Back to the foodie lit. A chef’s memoir of adventurous travel and eating, and a short story collection about Ethiopian American immigrants – for some of whom learning how to cook traditional American food is a sign of integration.

 

A Cook’s Tour: In Search of the Perfect Meal by Anthony Bourdain (2001)

Anthony Bourdain also appeared on my summer reading list when I reviewed Kitchen Confidential in 2020; I have both books in an omnibus edition. The chef acknowledges there’s no such thing as a perfect dining experience as there are many subjective factors apart from the food, but a few of his meals here are pretty close to ideal. Others are horrific. But everywhere he goes, from England to Cambodia, he gives a fair try. Four interspersed chapters are set in Vietnam, a country he falls in love with, but the rest are like individual essays with a different destination each time: Spain, Russia, Morocco, Japan, Scotland…

Some places are chosen due to personal significance or professional connections. He goes back to where he spent childhood summers in France, but it doesn’t live up to expectations: “I’d thought everything would be instant magic. That the food would taste better because of all the memories. … But you can never be ten years old again.” His boss arranges a pig roast for him in Portugal; he travels to the state in Mexico where most of his kitchen staff come from. With several other chefs, he journeys to Thomas Keller’s The French Laundry in California for a 20-course tasting menu – the rundown of the dishes takes him several pages. The key ingredients of this and the other near-perfect meals seem to be excellent quality of food, innovative flavors, a variety of dishes, and a languid pace with the alcohol flowing.

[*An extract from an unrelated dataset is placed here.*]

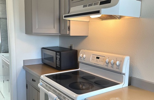 The bright, clean house offers a fully equipped kitchen with an eat up bar and opening dining area. The laundry room with a washer and dryer is located off the kitchen. The bedroom offers a queen bed with cozy linens and the attached bathroom has a tub/shower combo. The main living space is comfortable with a sofa sleeper for additional guests and TV to relax and hang out with your family. Downtown Cabin is pet friendly with an enclosed dog run for your 4-legged friends!

Bourdain sheepishly confesses that his travels were documented for television; the Food Network made him agree to some filming opportunities he would otherwise have avoided. Vegetarians be warned: some of these involve slaughter, and/or eating exotic animals. Aside from the pig, there’s a whole lamb cooked over a fire in the desert in Morocco, a turkey he beheads, and rabbits he shoots. And while you might think he’d eat anything with pleasure, there are in fact a few meals that leave him feeling ill: iguana tamales, bird’s nest soup, and dishes that use up all parts of a cobra. A notorious vegetarian hater, he even agrees to attend a vegan potluck in Berkeley, but reports that “not one of them could cook a f***ing vegetable.”

This was fast-moving, brash and funny; just as good as Kitchen Confidential and something I’d recommend to anyone who enjoys cooking shows or stunt travel. (Free – swap shop)

 

A Down Home Meal for These Difficult Times by Meron Hadero (2022)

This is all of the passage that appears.